<<<<
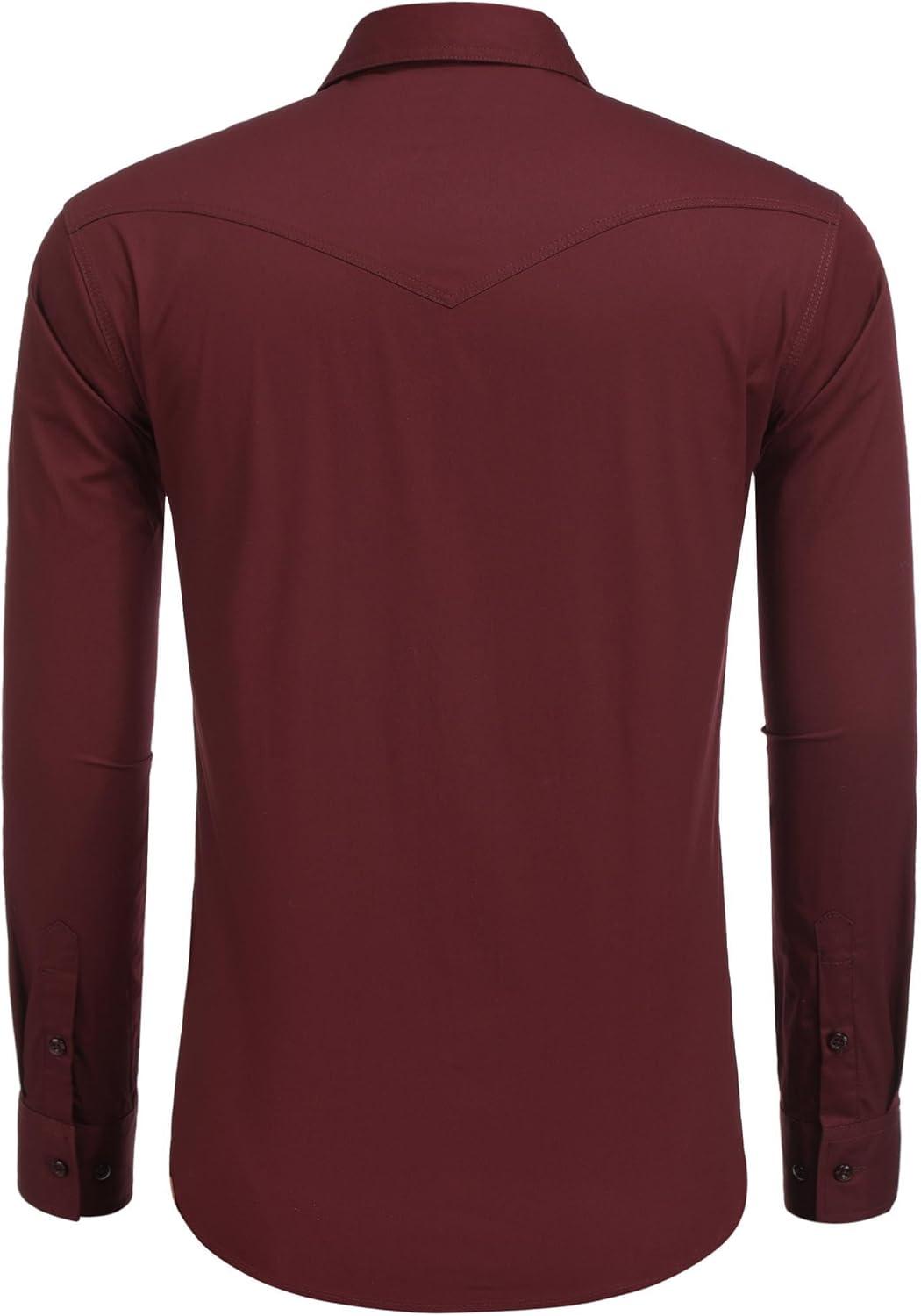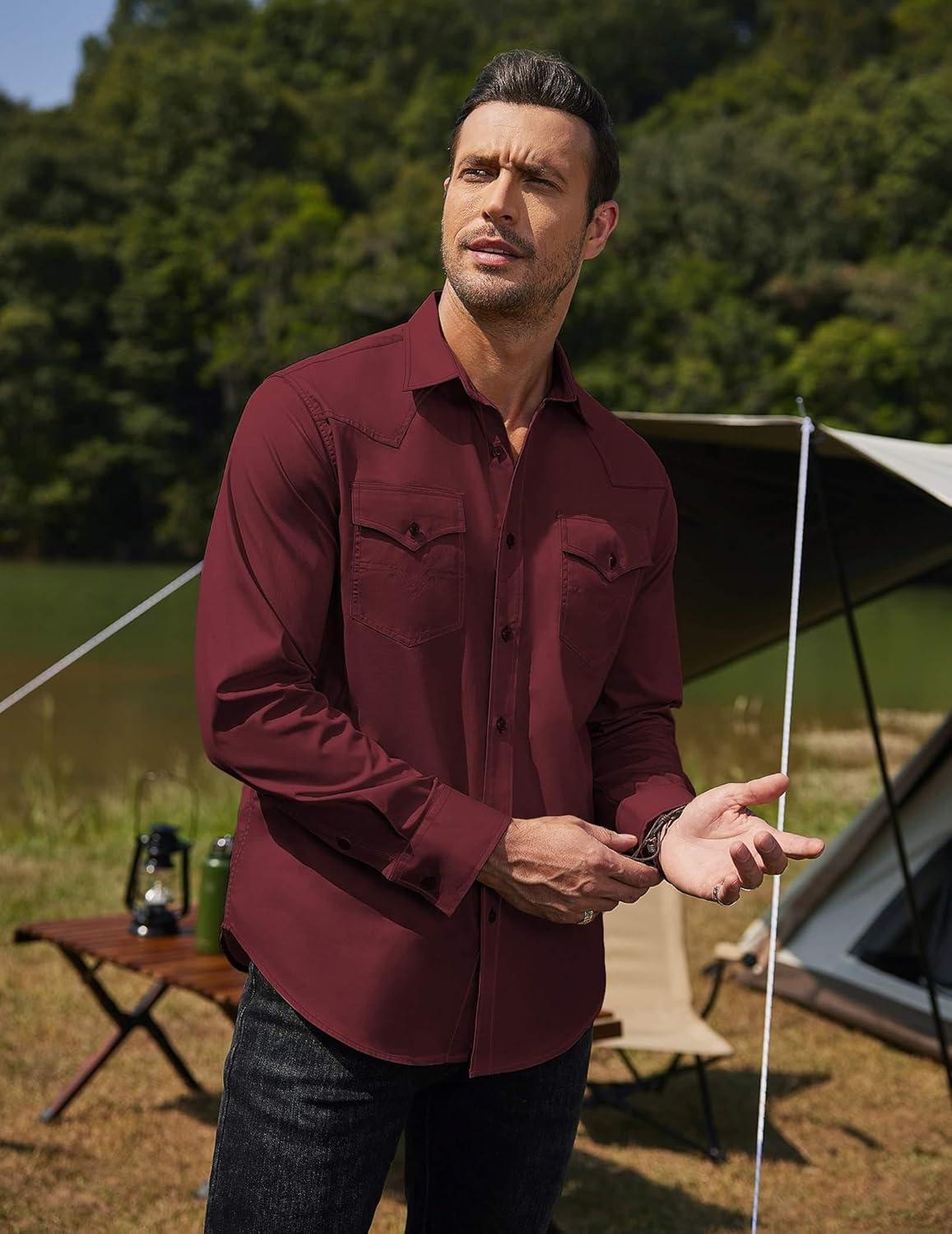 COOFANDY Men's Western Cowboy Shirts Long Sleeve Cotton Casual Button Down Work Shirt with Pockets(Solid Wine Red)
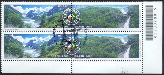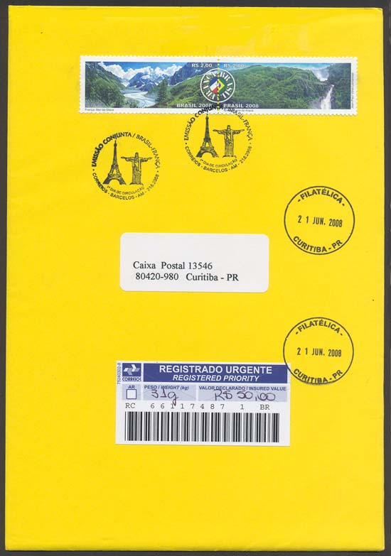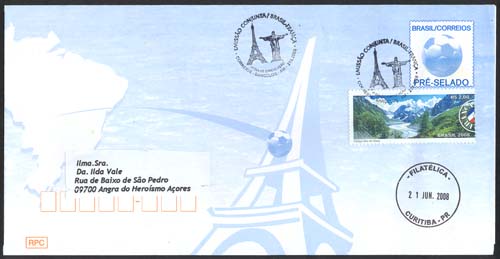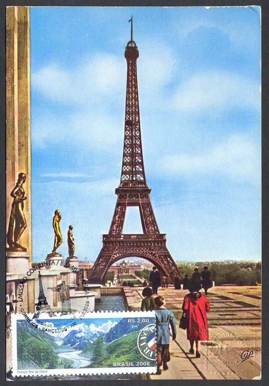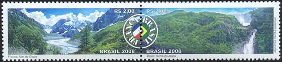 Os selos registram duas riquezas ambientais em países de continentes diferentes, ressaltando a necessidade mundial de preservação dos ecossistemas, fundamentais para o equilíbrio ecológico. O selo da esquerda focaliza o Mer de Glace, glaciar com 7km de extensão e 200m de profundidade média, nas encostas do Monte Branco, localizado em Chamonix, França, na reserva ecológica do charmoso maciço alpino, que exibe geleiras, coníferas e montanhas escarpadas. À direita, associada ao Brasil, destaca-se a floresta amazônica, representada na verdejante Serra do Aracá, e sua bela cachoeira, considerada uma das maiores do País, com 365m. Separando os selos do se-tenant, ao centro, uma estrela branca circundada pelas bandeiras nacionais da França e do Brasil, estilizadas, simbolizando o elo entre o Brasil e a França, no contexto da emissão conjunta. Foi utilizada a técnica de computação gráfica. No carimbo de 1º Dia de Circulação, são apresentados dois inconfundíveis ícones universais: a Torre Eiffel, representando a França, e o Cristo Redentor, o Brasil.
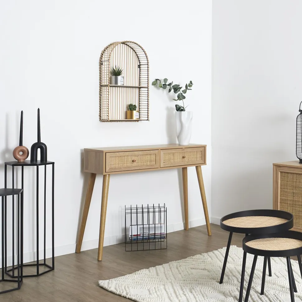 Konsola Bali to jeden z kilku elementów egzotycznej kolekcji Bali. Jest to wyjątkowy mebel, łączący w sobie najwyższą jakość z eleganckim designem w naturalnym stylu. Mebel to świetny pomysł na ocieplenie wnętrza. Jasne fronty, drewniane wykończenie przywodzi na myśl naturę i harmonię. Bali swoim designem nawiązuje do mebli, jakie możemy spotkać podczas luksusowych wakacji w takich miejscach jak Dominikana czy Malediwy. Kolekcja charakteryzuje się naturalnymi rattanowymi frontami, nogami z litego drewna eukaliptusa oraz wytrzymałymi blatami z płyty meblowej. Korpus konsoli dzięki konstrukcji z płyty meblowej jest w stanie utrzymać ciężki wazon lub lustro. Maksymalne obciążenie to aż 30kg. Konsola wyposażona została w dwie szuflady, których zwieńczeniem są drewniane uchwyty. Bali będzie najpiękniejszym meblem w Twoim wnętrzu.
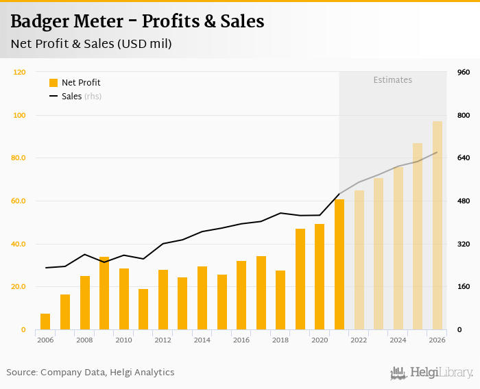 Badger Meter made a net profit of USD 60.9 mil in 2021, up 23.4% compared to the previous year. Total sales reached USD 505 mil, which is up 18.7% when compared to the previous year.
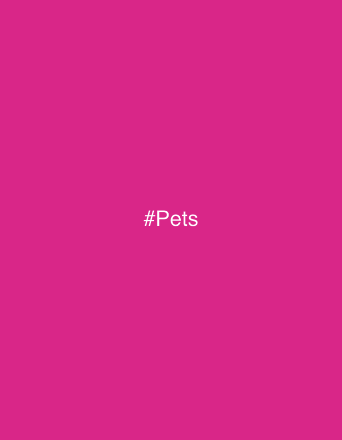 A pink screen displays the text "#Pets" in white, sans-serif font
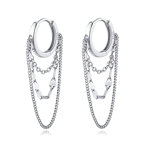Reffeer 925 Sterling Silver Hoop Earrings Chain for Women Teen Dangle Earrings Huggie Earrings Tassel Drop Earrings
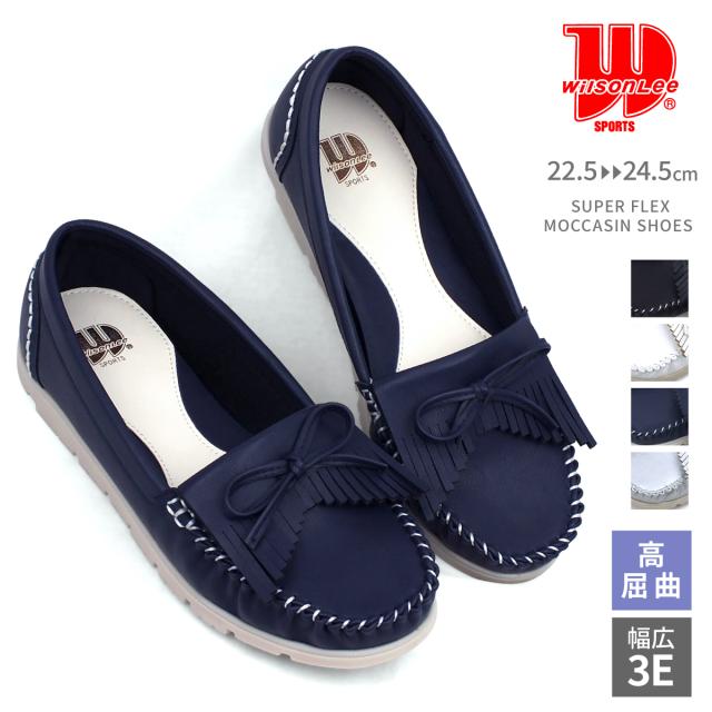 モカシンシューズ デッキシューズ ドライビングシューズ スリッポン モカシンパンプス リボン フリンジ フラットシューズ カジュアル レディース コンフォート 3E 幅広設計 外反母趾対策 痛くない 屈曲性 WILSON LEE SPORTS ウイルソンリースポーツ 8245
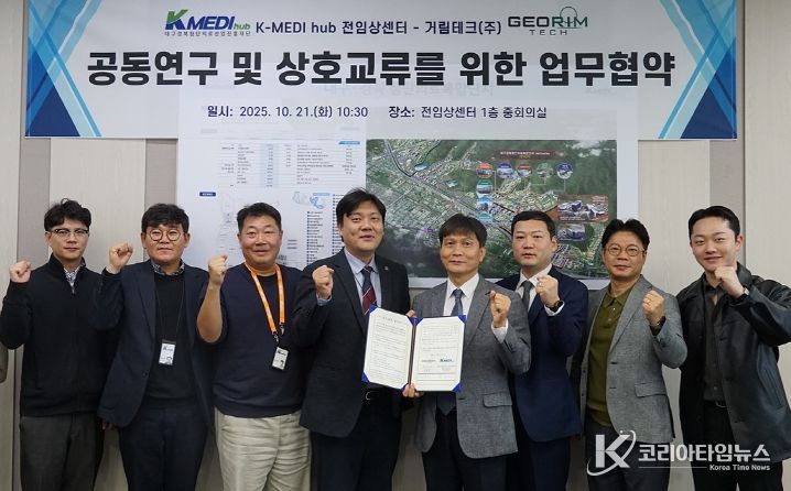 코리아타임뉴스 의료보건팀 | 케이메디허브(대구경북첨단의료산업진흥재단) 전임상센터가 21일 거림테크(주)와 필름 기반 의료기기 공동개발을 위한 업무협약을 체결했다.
>>>>
• _Your task_: What is needed is an exact transcription of the lines from the one holding "Konsola Bali to" to the end of the data, with every picture left out.

• _Result_:
 Konsola Bali to jeden z kilku elementów egzotycznej kolekcji Bali. Jest to wyjątkowy mebel, łączący w sobie najwyższą jakość z eleganckim designem w naturalnym stylu. Mebel to świetny pomysł na ocieplenie wnętrza. Jasne fronty, drewniane wykończenie przywodzi na myśl naturę i harmonię. Bali swoim designem nawiązuje do mebli, jakie możemy spotkać podczas luksusowych wakacji w takich miejscach jak Dominikana czy Malediwy. Kolekcja charakteryzuje się naturalnymi rattanowymi frontami, nogami z litego drewna eukaliptusa oraz wytrzymałymi blatami z płyty meblowej. Korpus konsoli dzięki konstrukcji z płyty meblowej jest w stanie utrzymać ciężki wazon lub lustro. Maksymalne obciążenie to aż 30kg. Konsola wyposażona została w dwie szuflady, których zwieńczeniem są drewniane uchwyty. Bali będzie najpiękniejszym meblem w Twoim wnętrzu.
 Badger Meter made a net profit of USD 60.9 mil in 2021, up 23.4% compared to the previous year. Total sales reached USD 505 mil, which is up 18.7% when compared to the previous year.
 A pink screen displays the text "#Pets" in white, sans-serif font
Reffeer 925 Sterling Silver Hoop Earrings Chain for Women Teen Dangle Earrings Huggie Earrings Tassel Drop Earrings
 モカシンシューズ デッキシューズ ドライビングシューズ スリッポン モカシンパンプス リボン フリンジ フラットシューズ カジュアル レディース コンフォート 3E 幅広設計 外反母趾対策 痛くない 屈曲性 WILSON LEE SPORTS ウイルソンリースポーツ 8245
 코리아타임뉴스 의료보건팀 | 케이메디허브(대구경북첨단의료산업진흥재단) 전임상센터가 21일 거림테크(주)와 필름 기반 의료기기 공동개발을 위한 업무협약을 체결했다.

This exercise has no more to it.